Q & A: When Protecting Someone Else’s Story Is a Deal-Breaker For Your Memoir

Question: I can’t publish my memoir without sharing the hard stories of those around me. Is that a deal breaker?

A: No. And Yes.

No, there are often creative ways to communicate what is true while honoring and protecting the hard stories of others.

Yes—in my opinion!—there are stories that are too tender, intimate and private to publish. In some cases, the intersection of another person’s story with yours is a deal breaker. That’s not a book that needs to be published.

Right now, the details of my family’s journey when my husband came out as gay don't need to be published. (I don’t expect that to change. If it does, I will update this post, detail the reasons and explain how he and our three children, who will then be adults, think it’s a great idea. And even then I will invite your pushback. Push, please. Mention something about my duty to my children.)

Is there a story in your life that—in your estimation—isn’t for others? (Be vague!) Have you read a blog post or article or book that you felt went too far in revealing what ought to have remained private?

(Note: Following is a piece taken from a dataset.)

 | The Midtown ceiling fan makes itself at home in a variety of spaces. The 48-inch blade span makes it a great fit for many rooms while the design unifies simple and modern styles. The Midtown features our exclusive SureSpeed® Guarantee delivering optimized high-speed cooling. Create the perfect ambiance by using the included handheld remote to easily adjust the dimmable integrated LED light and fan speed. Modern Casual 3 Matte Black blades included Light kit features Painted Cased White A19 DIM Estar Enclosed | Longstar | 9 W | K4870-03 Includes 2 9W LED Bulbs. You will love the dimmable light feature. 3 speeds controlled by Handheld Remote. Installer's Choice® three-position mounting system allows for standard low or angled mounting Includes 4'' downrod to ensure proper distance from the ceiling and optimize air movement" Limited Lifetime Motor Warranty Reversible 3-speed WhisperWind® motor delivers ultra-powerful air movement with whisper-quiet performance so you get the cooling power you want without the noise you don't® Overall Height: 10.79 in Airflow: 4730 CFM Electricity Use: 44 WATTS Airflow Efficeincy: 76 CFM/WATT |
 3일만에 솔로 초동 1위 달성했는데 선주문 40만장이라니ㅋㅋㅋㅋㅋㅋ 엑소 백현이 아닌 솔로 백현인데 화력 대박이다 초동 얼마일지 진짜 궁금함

Q & A: "Agent says my memoir is autobiography.."


Q: “I wrote a memoir, but it is lacking. Agents tell me it’s too close to autobiography, and that’s where their feedback ends.”

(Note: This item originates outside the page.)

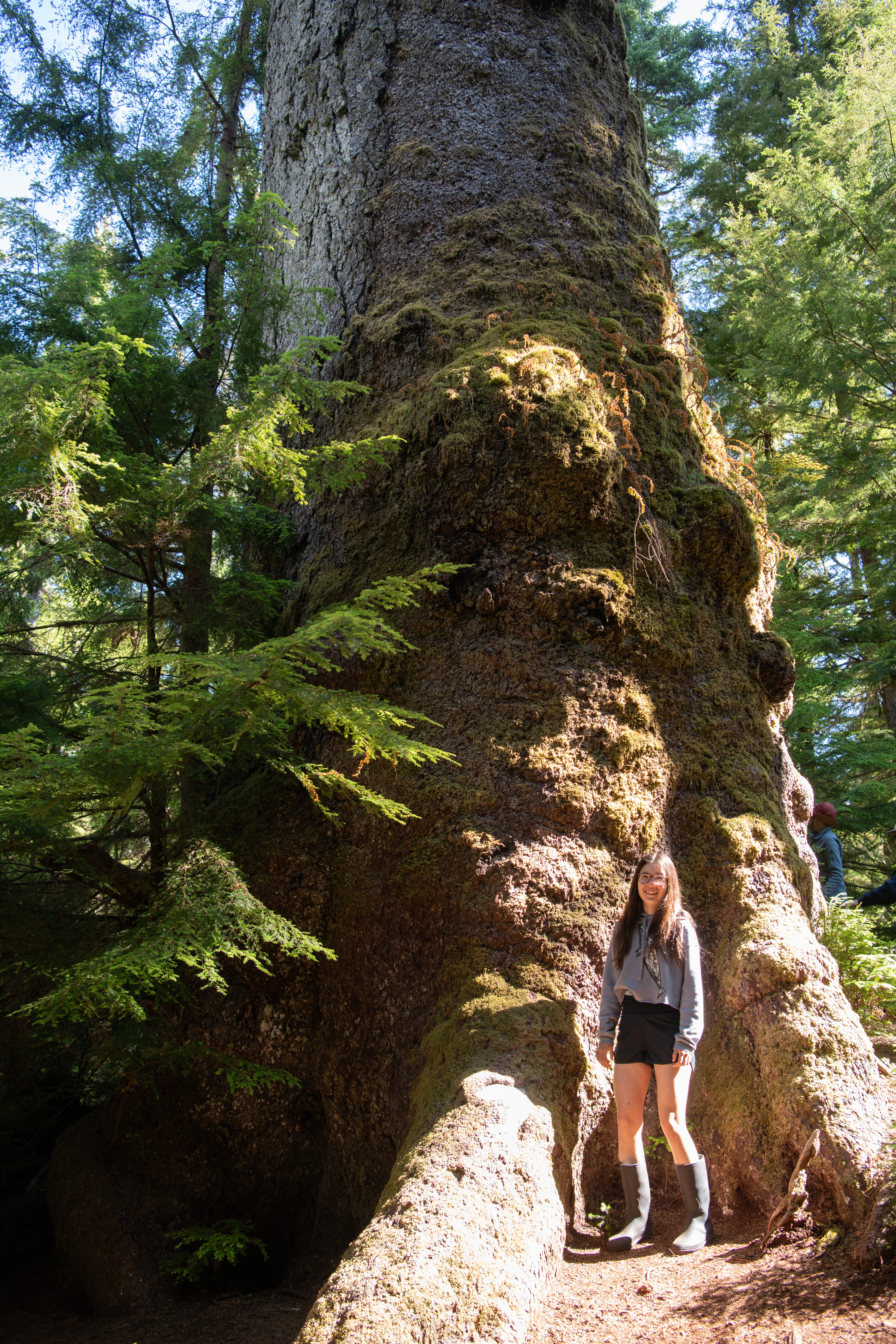 John Harvey Photo > Haida Gwaii > Windy Bay > Nara With Giant Spruce Tree

A: Without looking at your memoir—which I hope can feel appropriately impersonal!—let me suggest a few possibilities…

1. It may be all about you

On one hand, a memoir is all about you. On the other hand, it can’t be all about you. (Unless it’s really just for your eyes. Or for your family.) For a published memoir to succeed, it needs to be all about the reader.

A memoir is all about the reader when:
  • Sentences are sculpted using rich engaging language.
  • The narrative employs principles of good storytelling: narrative arc, robust characters that the reader cares about, conflict, resolution, etc. The writing is so compelling that the reader doesn’t want to put it down.
  • The reader is able to make connections to her own experience, even when her experience is wildly different than the author's.

2. It may tell too much

An autobiography—of a President or a pop star—is meant to be comprehensive. It seeks to answer all the questions a reader will have: What was President Lincoln’s SAT score? Was Beyonce in a church choir as a child? Ideally, it tells the story of a person’s life from birth until the present.

A memoir doesn’t attempt to offer that systematic account. Rather, it shows the reader a “slice” of the author’s experience. It uses the best storytelling techniques to gift the reader with a beautiful story.

3. It may lack a clear theme

A mark of the best memoirs—The Glass Castle, Kisses From Katie, Angela’s Ashes, Running With Scissors, Night—is that there’s a clear theme woven throughout the text. The authors don’t attempt to tell everything. They develop a clear theme and “deliver” on it in every chapter.

Do any of these inform the weakness of your memoir? The wily thing about memoir is that it's difficult to be objective. Mine, The Girl in the Orange Dress: Searching for a Father Who Does Not Fail), benefited greatly from the keen eye of a wise editor, Cindy Bunch.



the tip: Have a writing colleague, friend, or relative read your manuscript and ask them to consider these 3 possibilities as they read. Then authorize them to be brutally honest!





If you've written a memoir, or are writing one, what's been your "growing edge"? Or what's your unique challenge?